I loved the way Bryan went in another direction, going to the first dish he ever cooked for his wife. I thought his dish was fantastic: the sweet subtlety of crab hovered over the grains and the egg yolk, but honestly, I also could’ve eaten the OG version of a sautéed chicken breast with crab and cream sauce. I kind of miss food with names like Chicken Chesapeake. Who will be the brave soul to bring back ye olde cruise liner food in their restaurant? But anyway, Bryan’s cooking impressed me through the whole season with its creativity and intelligence—I was shocked to realize he hadn’t actually won a challenge until the end—but it was so great to see, in the end, how grounded he feels in his emotional side as a person and as a chef. The dish was light; it felt full of possibility. You could tell his was cooking with the memory of being at the start of something, the excitement of it. 

And I loved it when Jen took the “something borrowed” part of the dinner as a chance to nod to her old mentor Wolfgang Puck, from when he was borrowing from Chinese cuisine at Chinois on Main. Her “Chinese duck with shiitake broth, eggplant, daikon, grilled bok choy, and duck wonton” was too busy, too over the top, too 1992… and just freaking awesome. Just like L.A., really. (I used to think that L.A. is stuck in the '80s and '90s, until I realized that, no, it’s just that in the '80s and '90s, the rest of the country was just trying to be like L.A.) I hadn’t had the pleasure of eating her food before Top Chef Masters, but I could see a direct line between what she was “borrowing” and her own food: it pulls flavors from a global palette—pulls them mightily, puts her back into it—to come up with thoroughly American dishes. Her cooking is so muscular, so full of umami and depth and, when she wants to use them, pungent spices. 

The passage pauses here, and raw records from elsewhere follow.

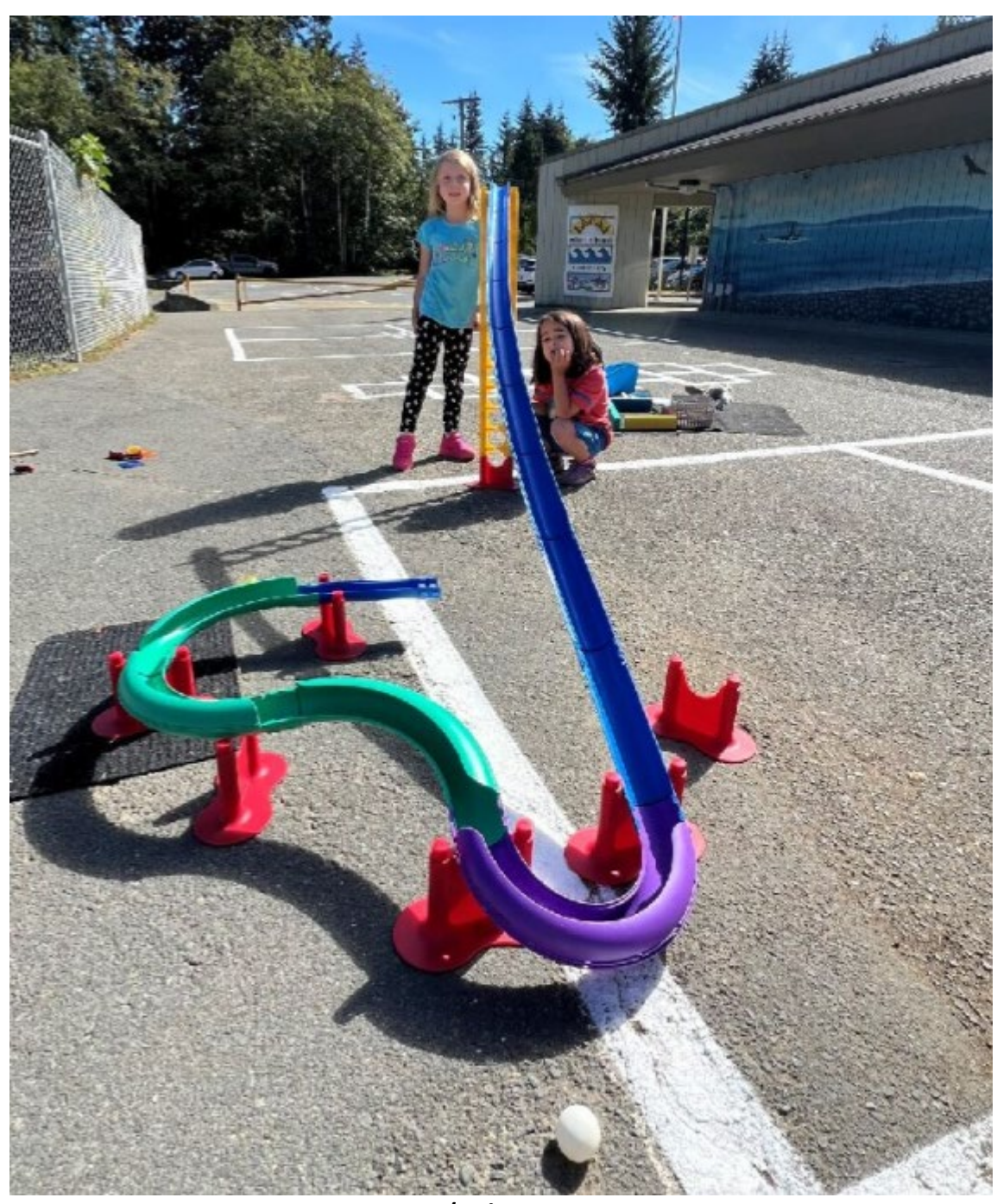
K/1 Class Fun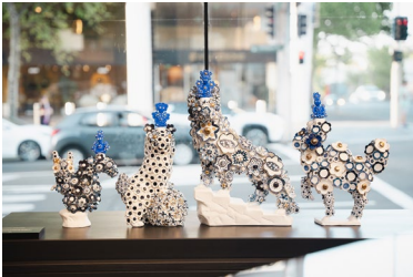
Vipoo Srivilasa, Diverse Dominion Deities 2023 , Australian Design Centre exhibition view 2023, Photographer: Amy Piddington

An Australian Design Centre ADC On Tour national touring exhibition 10 August to 27 October 2024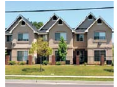
6(R) Low-rise Condos (rental)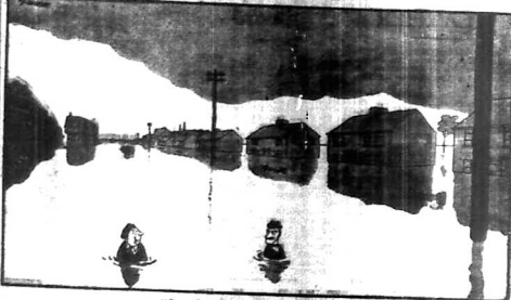
"I'm on a bit—what are you on?"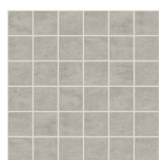
2 x 2 Mosaic Mesh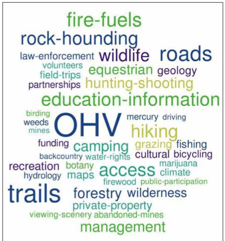
The size of each word corresponds to how often it was used in 2016 meeting comments.

In 2018, a series of public workshops focused on gathering additional information to develop a shared vision for enhancing the capacity to work with volunteers and partners. These Recreation, Volunteerism, and Stewardship Workshops conveyed agency policies, celebrated partner successes, shared each partner's unique vision, and identified the types of expertise needed to make our shared vision a reality.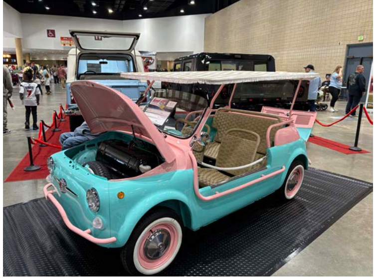
Most unusual car of World of Wheels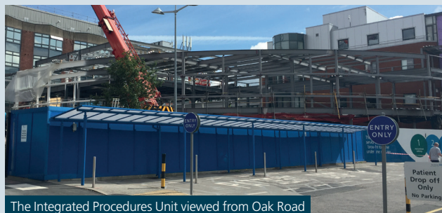
The Integrated Procedures Unit viewed from Oak Road

Please come along and have a look, it provides a much improved view for our patients and visitors.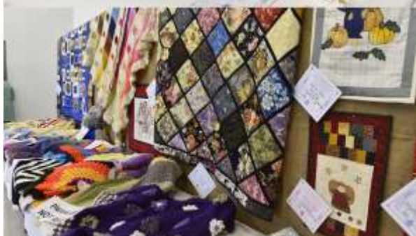
Some of the exquisite handwork and craft work on display in the pavilion.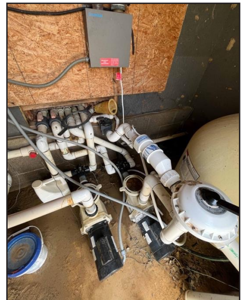
Figure 2 Old Equipment

After the leaks were repaired, the pool was filled and the restart process started. The pump of one of the two systems failed and was not easily

There were many other dishes that day: thrilling ones (Bryan’s white-on-white dessert), masterful ones (I mean, you try to wrap a piece of fish in individual noodle strands like Douglas did!), just bang-up delicious ones (Jen’s paella gnocchi. That is all.) But I most loved seeing into these chefs’ past and how they went from there to who they are today. I haven’t had a chance to talk with them yet, but I wonder which of them will say that writing the menu was easy. All three of these chefs were so good, their cooking so assured, I wouldn’t be surprised to hear that from all of them.